▶ [Given data]:
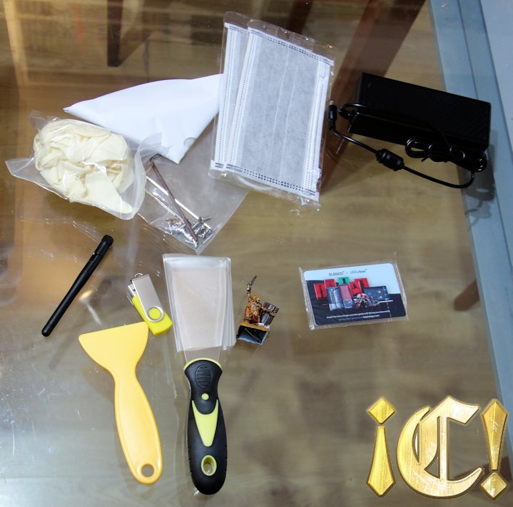 La caja que pone «toolkit» es un poco de todo. Viene el cargador, una espátula (o rasqueta) de metal y otra de plástico, guantes, un USB, una tarjeta que supongo que tendrá descuento de alto, unos filtros para aprovechar la resina cuando cambias la película, unos tornillos y llaves Allen, y unas mascarillas para ir al médico (porque si te piensas que protegen de algo los vapores de resina…).
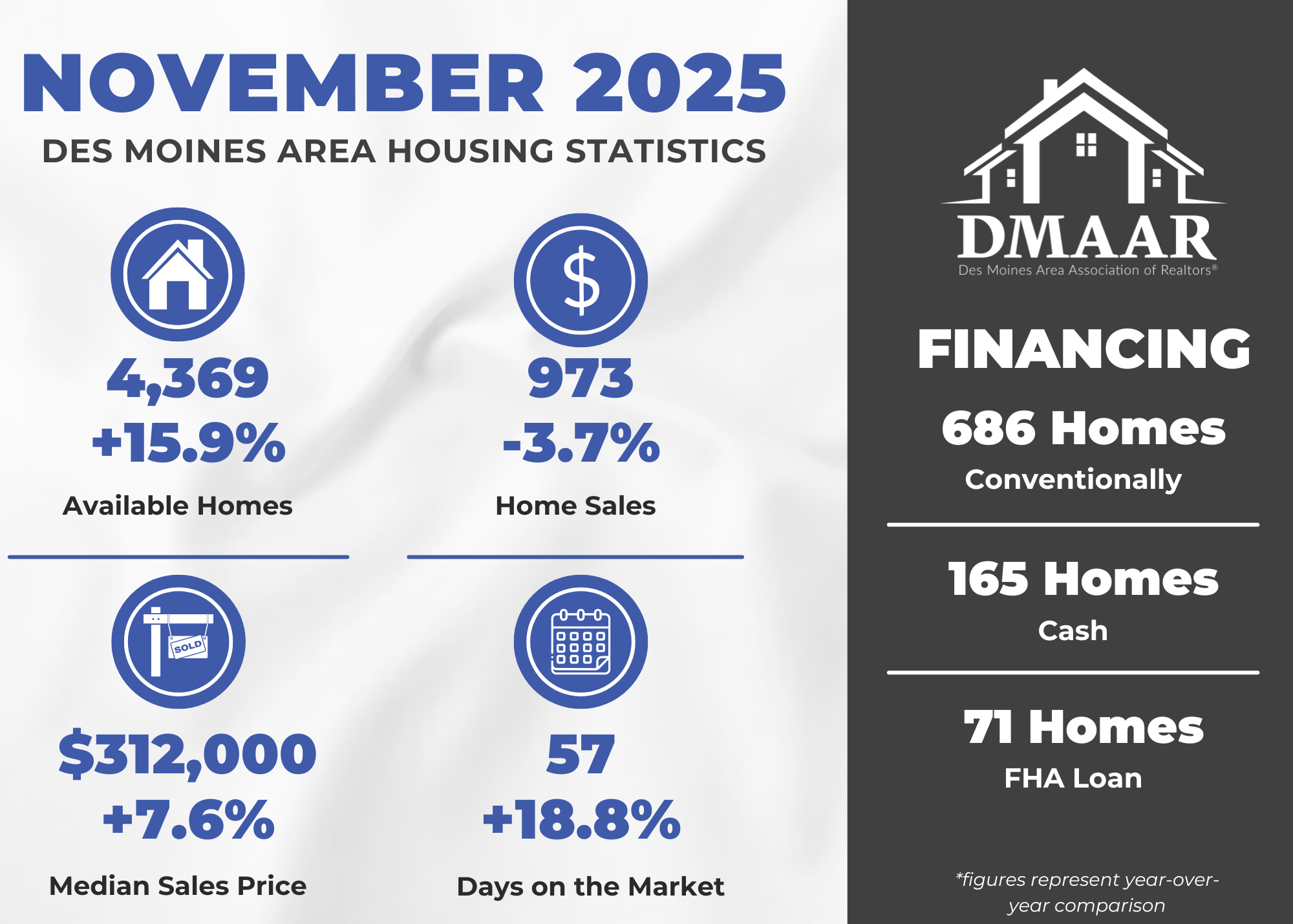 “As winter rears its head, many communities brace for a traditionally slower housing market, we’re not seeing that just yet in the metro,” Eric Webster, Des Moines Area Association of REALTORS® president, said. “The energetic market we witnessed this fall, buoyed by decreases in interest rates and seasonably warm weather, continues to fuel our early winter market. Buyers and sellers remain active and ready to work with their REALTOR® of choice to find their next home.”
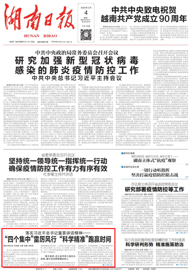 当前,全省上下正鼓勇而进,与时间赛跑、与病魔较量。战“疫”展开的是两个战场:尽全力阻断病毒的传播,尽全力救治患者。在救治患者这一战场,我省坚决落实习近平总书记科学防治、精准施策的根本要求,一直采取“四个集中”的原则,即集中患者、集中专家、集中资源、集中救治。2月3日召开的省委常委会,再次对“四个集中”提出了明确要求。
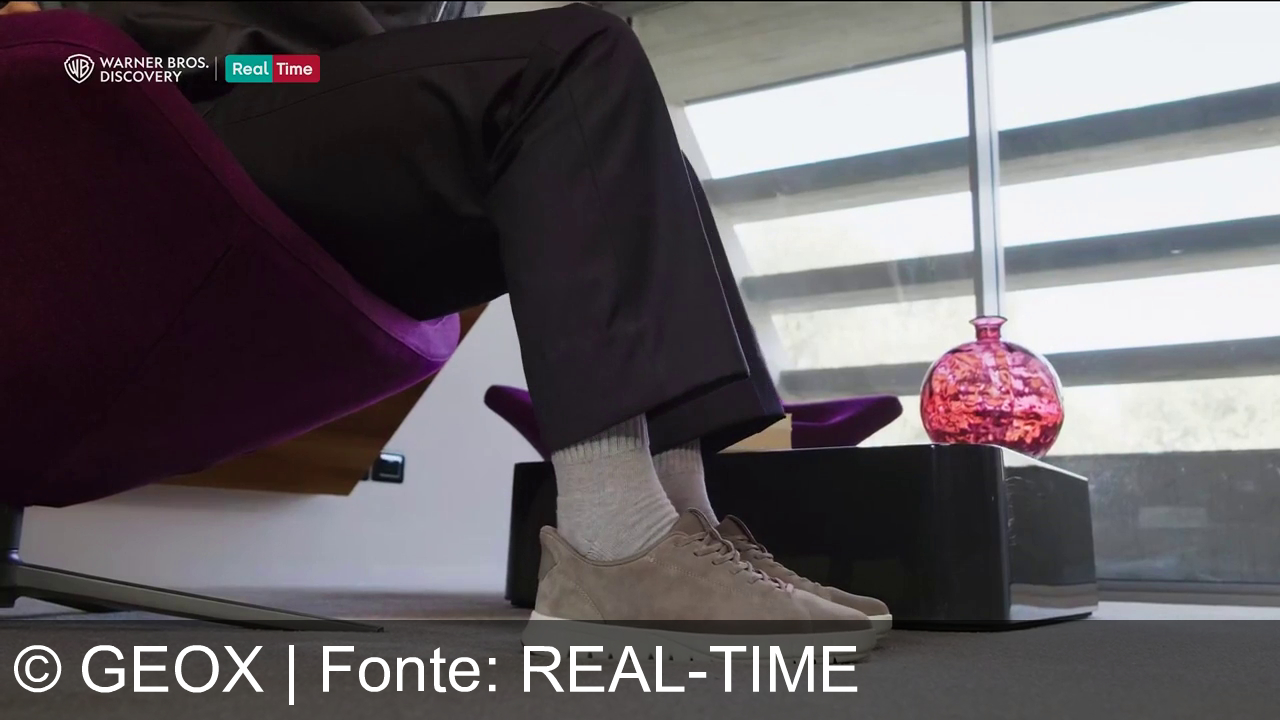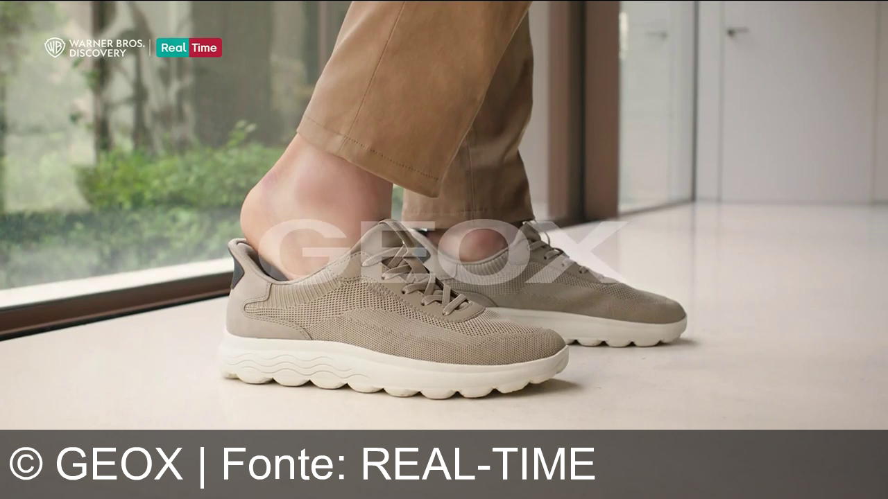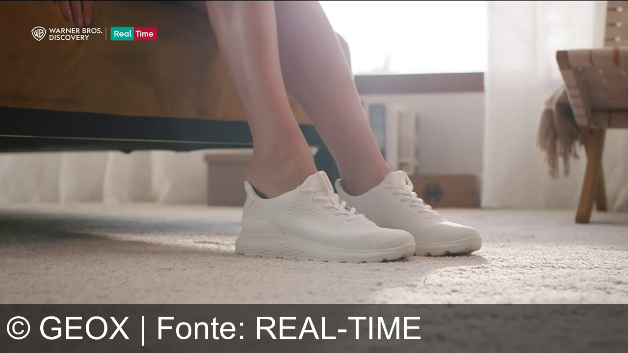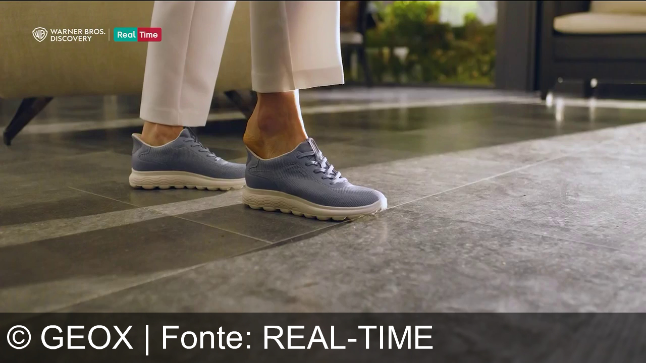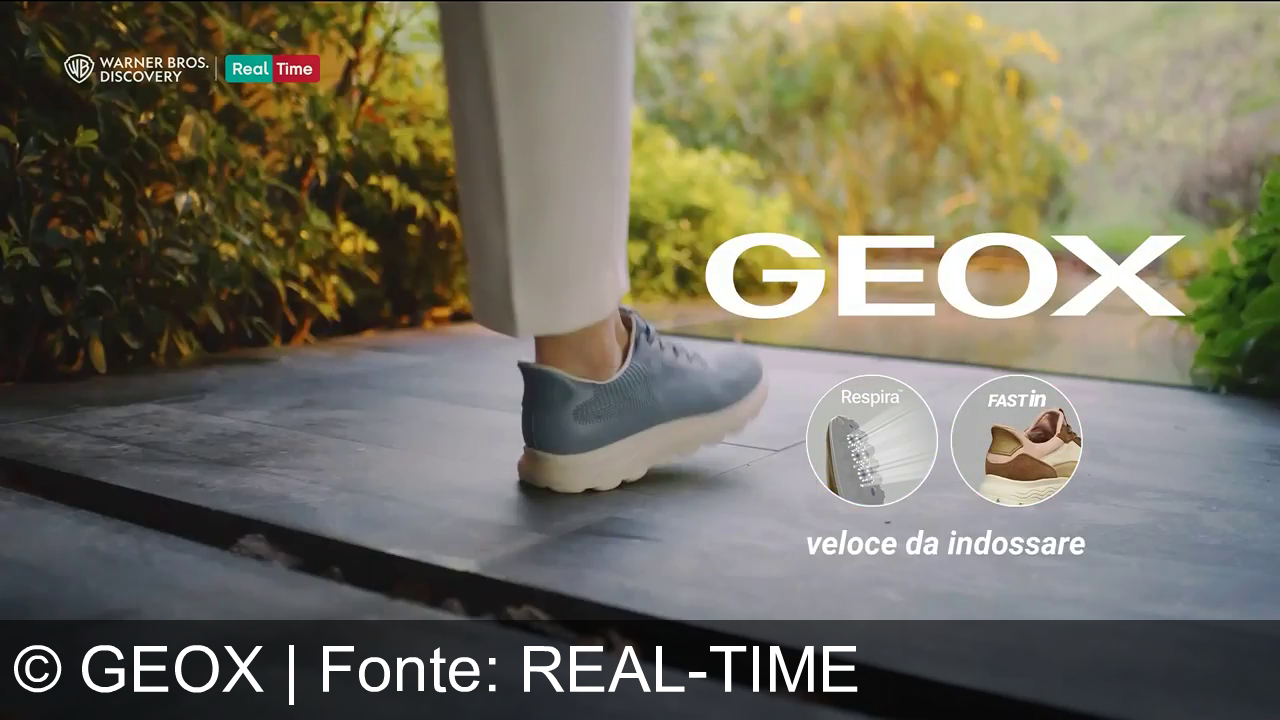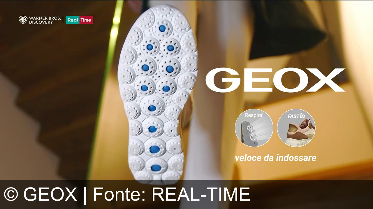 Una persona cammina su una passerella di legno, indossando scarpe blu Geox con suola bianca. A sinistra c'è il logo di Warner Bros. Discovery sopra un logo Real Time. Sul lato destro c'è il nome Geox in grande, con due cerchi che mostrano dettagli delle scarpe, accompagnati da testi "Respira" e "FAST in". In basso, la scritta "veloce da indossare" è visibile.

▶ [What this task involves]: Of all the material above, only the lines from the one that has "winter rears its" down to the one that has "当前,全省上下正鼓勇而进,与" are to be written out, exactly and with both ends included. Pictures are skipped.

▶ [Answer box]:
 “As winter rears its head, many communities brace for a traditionally slower housing market, we’re not seeing that just yet in the metro,” Eric Webster, Des Moines Area Association of REALTORS® president, said. “The energetic market we witnessed this fall, buoyed by decreases in interest rates and seasonably warm weather, continues to fuel our early winter market. Buyers and sellers remain active and ready to work with their REALTOR® of choice to find their next home.”
 当前,全省上下正鼓勇而进,与时间赛跑、与病魔较量。战“疫”展开的是两个战场:尽全力阻断病毒的传播,尽全力救治患者。在救治患者这一战场,我省坚决落实习近平总书记科学防治、精准施策的根本要求,一直采取“四个集中”的原则,即集中患者、集中专家、集中资源、集中救治。2月3日召开的省委常委会,再次对“四个集中”提出了明确要求。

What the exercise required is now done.